**EXERCISE BRIEF:** Among the entries below, find the line with "kissé kopottas állapotban." and the line with "Stylish handwoven tote". Return exactly those lines and every line between them, but no pictures.
*** SOURCE INFORMATION ***
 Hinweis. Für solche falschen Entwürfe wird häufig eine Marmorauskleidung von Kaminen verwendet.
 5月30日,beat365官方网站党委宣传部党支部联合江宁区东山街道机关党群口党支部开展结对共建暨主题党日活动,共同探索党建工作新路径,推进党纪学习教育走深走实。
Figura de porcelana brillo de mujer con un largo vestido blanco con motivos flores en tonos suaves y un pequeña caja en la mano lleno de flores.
*** End of SOURCE INFORMATION ***
*** SOURCE INFORMATION ***
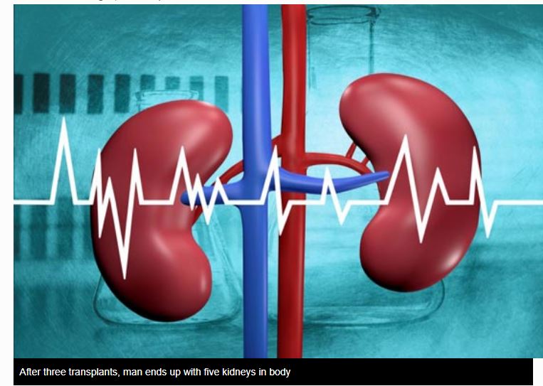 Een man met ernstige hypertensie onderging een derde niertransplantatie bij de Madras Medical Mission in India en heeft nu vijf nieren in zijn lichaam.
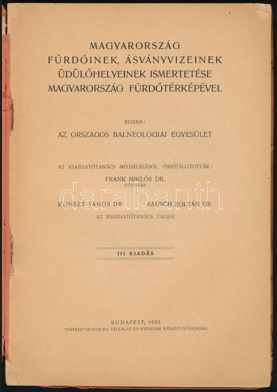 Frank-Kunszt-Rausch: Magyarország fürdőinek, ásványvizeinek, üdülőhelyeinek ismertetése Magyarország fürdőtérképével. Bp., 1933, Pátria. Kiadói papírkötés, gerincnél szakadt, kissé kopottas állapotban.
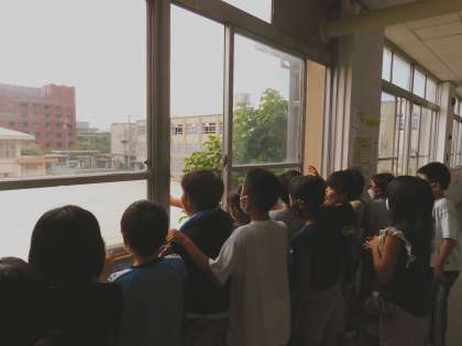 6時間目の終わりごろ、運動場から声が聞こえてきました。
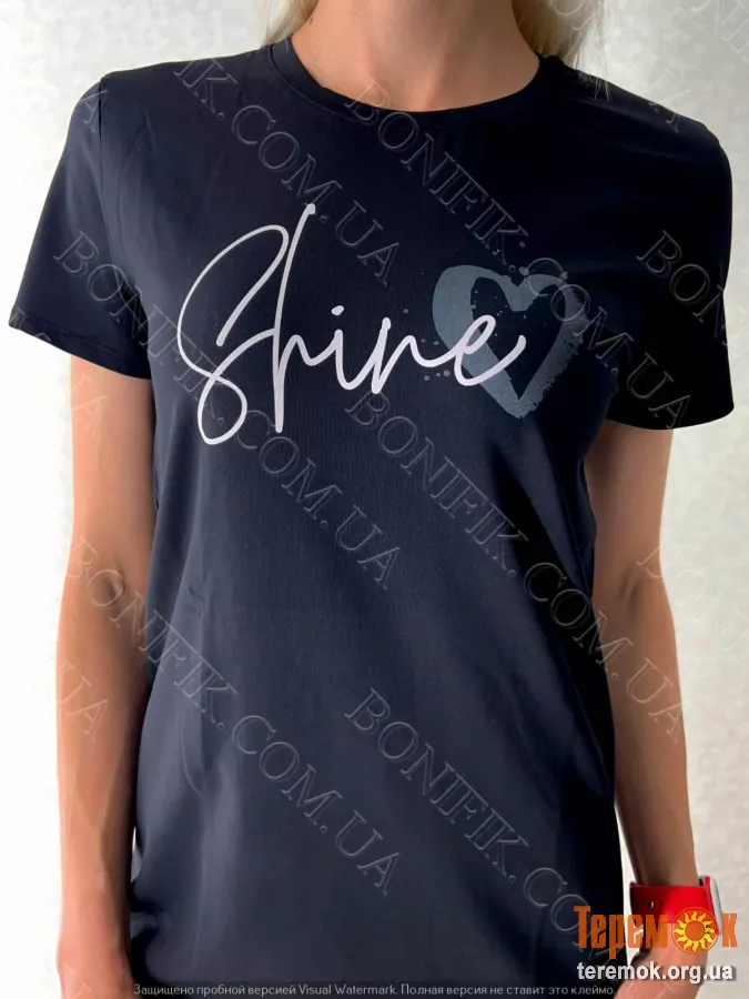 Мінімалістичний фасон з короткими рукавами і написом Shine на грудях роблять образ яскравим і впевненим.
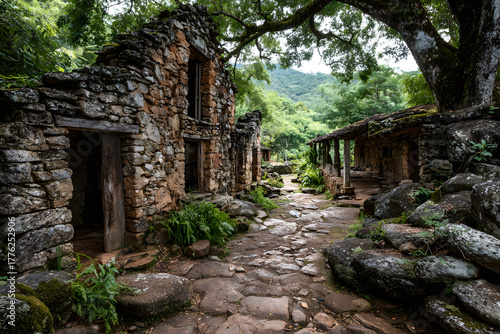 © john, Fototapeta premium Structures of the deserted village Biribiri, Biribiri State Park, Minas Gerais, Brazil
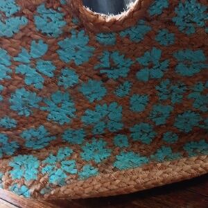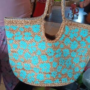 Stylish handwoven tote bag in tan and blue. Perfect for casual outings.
*** End of SOURCE INFORMATION ***
**RESPONSE AREA:**
 Frank-Kunszt-Rausch: Magyarország fürdőinek, ásványvizeinek, üdülőhelyeinek ismertetése Magyarország fürdőtérképével. Bp., 1933, Pátria. Kiadói papírkötés, gerincnél szakadt, kissé kopottas állapotban.
 6時間目の終わりごろ、運動場から声が聞こえてきました。
 Мінімалістичний фасон з короткими рукавами і написом Shine на грудях роблять образ яскравим і впевненим.
 © john, Fototapeta premium Structures of the deserted village Biribiri, Biribiri State Park, Minas Gerais, Brazil
 Stylish handwoven tote bag in tan and blue. Perfect for casual outings.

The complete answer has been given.